I find it very disturbing that my mother makes fun of some people and loads praise on others. In her view everyone is judged and juried in the first few minutes. Maybe she is a commedian. Her delivery while she is blurting out her descriptions of people would be comical if it weren't so hurtful.
I think she might have a writer's brain. Her running commentary on the world is detailed and descriptive. When I roll my eyes and say "Don't say that so loud, Mom, people can hear you." She just laughs. She likes to be in the spotlight. Maybe she really should have been a circuit judge reigning over her court and sentencing people to their fates.
Her profession was nursing and I am sure her attention to detail and control came in handy on the wards of many hospitals. I bet she didn't miss a thing and to hear her stories some people appreciated that and some did not. She speaks of an orderly who threatened to kill her and brags about being offered the rank of Commander for her work in the Navy.
I am just a lowly pion struggling under her watchful eye and hoping I am not one of her funny people. Frequently I am told that my blouse is just not acceptable or my hair is too yellow. I try very hard to let the things she says slide off my back like water off a duck. I draw the line at racial slurrs and I think we are finally clear on that one at least.

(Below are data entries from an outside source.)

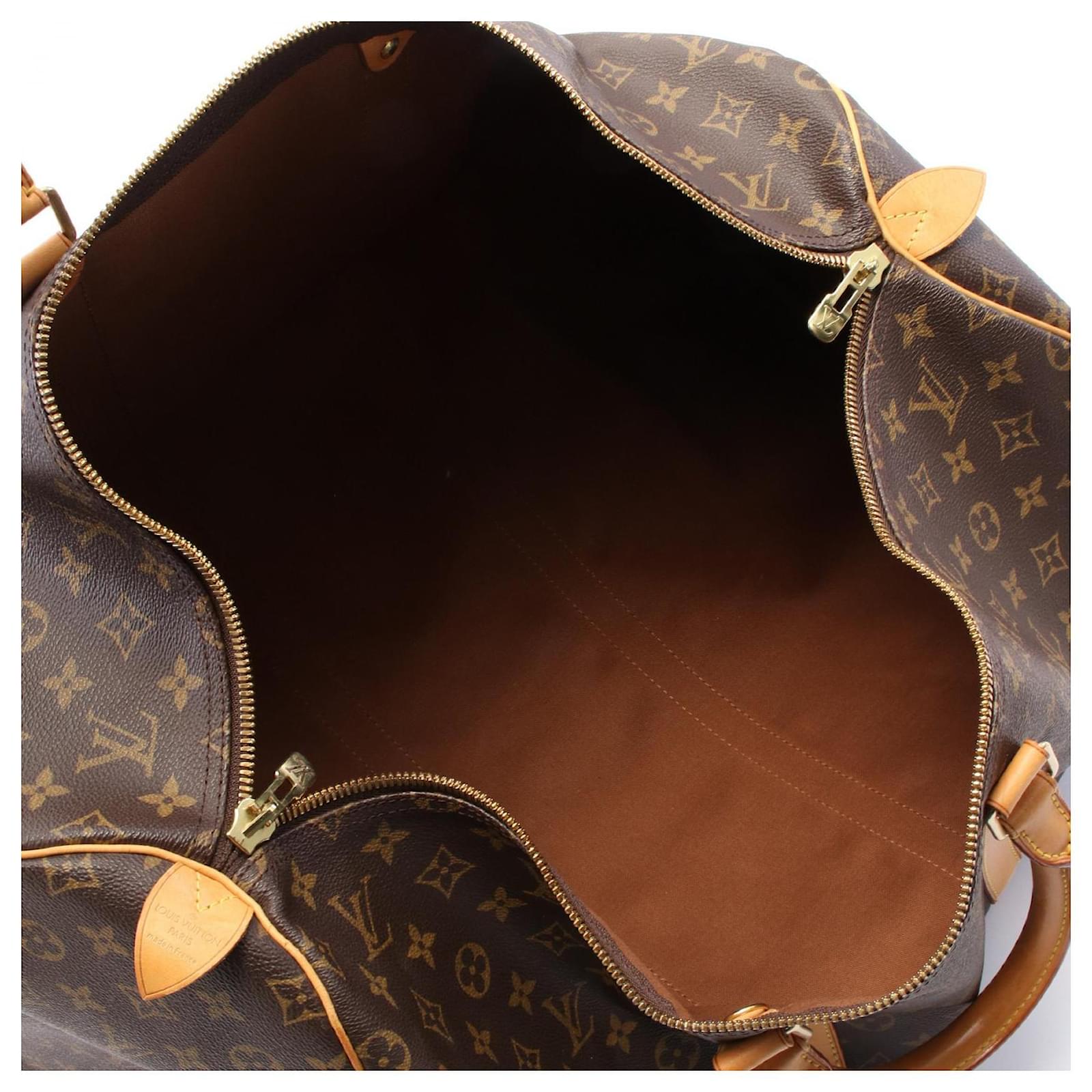 – General information -\nBrand : Louis VuittonItem name : Louis Vuitton Monogram Keepall 55 Boston Bag Brown M41424Model number : M41424 – Design -Type : Travel BagMaterial : CanvasColor : BrownGender : Male- Size -Size : Length : 56Depth : 25Height : 30Handle Drop : 34Item Material : Monogram PVC coated canvas × LeatherItem Series : KeepallItem Color : BrownClosure Type : Zipper- Inventory -Serial Number : SP0918SKU : 120210042075000A0025678981- Included Items -Accessories : null*Before purchasing, please refer to the images of the accessories included with the item.- Condition -Condition : Very Good ConditionRank : Used A Used condition with some scratches and stains.Condition Notice : Before purchasing, please refer to the images for the exact condition of the item. Measurments: width: 250 mm length: 560 mm height: 300 mm handle drop: 340 mm \n Product Id: 484272 \n
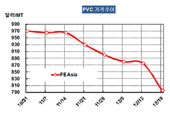 PVC 가격은 12월17일 CFR China 톤당 795달러로 80달러 폭락했다.
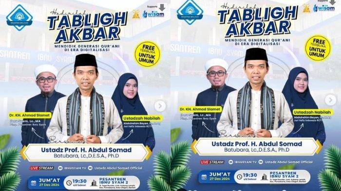 Pendakwah Islam Indonesia, atau Da'i kondang Ustaz Abdul Somad (UAS) bakal mengisi Tabligh Akbar di Kota Cilegon, hari ini, Jumat (27/12/2024) malam.
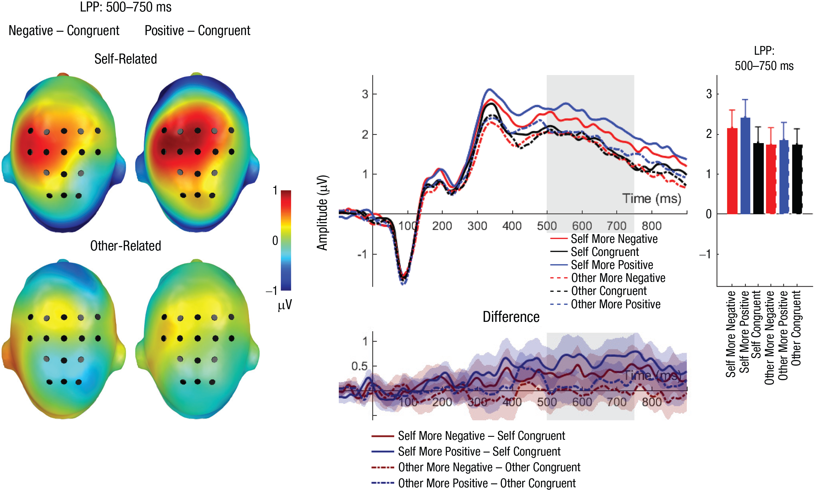 Late positive potential (LPP): main effects and interaction effects of reference and evaluation congruency. Scalp topographies (left) depict differences between the negative and congruent conditions and positive and congruent conditions, separately for self-related and other-related evaluations. Black dots indicate positions of electrodes. The waveform graph (top middle) shows the time course of event-related potentials (ERPs) over the depicted average LPP cluster, separately for incongruent positive, incongruent negative, and congruent self- and other evaluations. The gray shaded area highlights the range of the LPP. The bar chart (right) shows mean amplitudes for each evaluation type. Error bars represent 95% confidence intervals. The difference waveforms (bottom middle) show 95% bootstrapped confidence intervals of intra-individual differences in comparisons of interest.
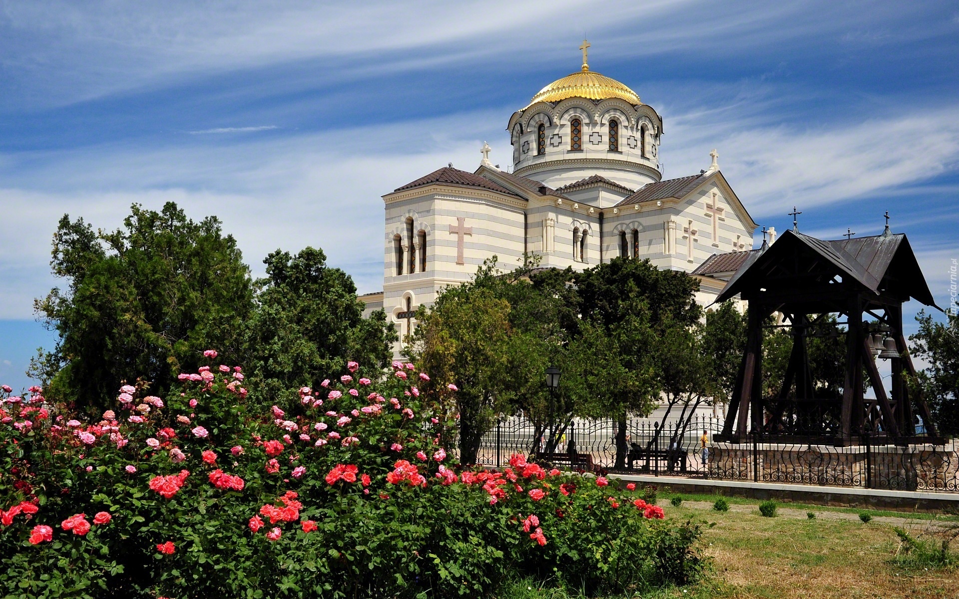 Edytor tapety: Cerkiew, Ogród, Kwiaty, Rosja
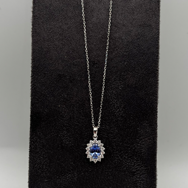A stunning 18ct White Gold Sapphire And Diamond Cluster Necklace to adorn your outfit adding further to your sophistication and style.
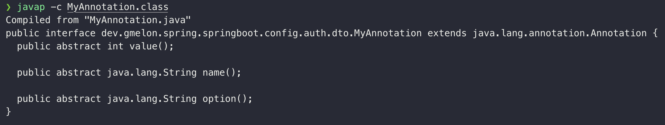 어노테이션은 어떤 인터페이스를 상속받아 만들어질까? javap 명령을 통해 확인해보았다.

Every day I get the run down on what is happening in her neighborhood. It is never dull. Her poor neighbors would be aghast at how she laughs about their foibles. In a litany of details I hear about how one of them fell off the porch or wandered too far off the lane. She really should write it all down as she thinks it is hilarious.
I don't like to make fun of people. It is in my genes tho because I constantly make fun of her in my own mind. I am someone who does not agree with what she thinks but has the power to lord the truth over her. My truth is respect and peace for all people. I think I am like that in direct rebellion to who she is. I am learning so much from being close to her at the end of our lives. I just want to shake her sometimes and say "Don't be so mean." I need to learn that lesson too.
She likes drama. It is all an epic play where people are tripped up by mistakes they have made and she comes to the rescue of them all. She is very hard on herself too and has no tolerance for weakness. I think it shows great insecurity. I feel sorry for her but it doesn't excuse her smirks and condescending attitude. I am embarassed for her but she shows no remorse.
All my life she has put me down. I am not her victim anymore but I can't see her changing her tune at 94. We all live with our faults and grow old in direct response to our past. Now she has a daughter who makes fun of her on the internet. I think she asked for that. What is my fate if I don't change?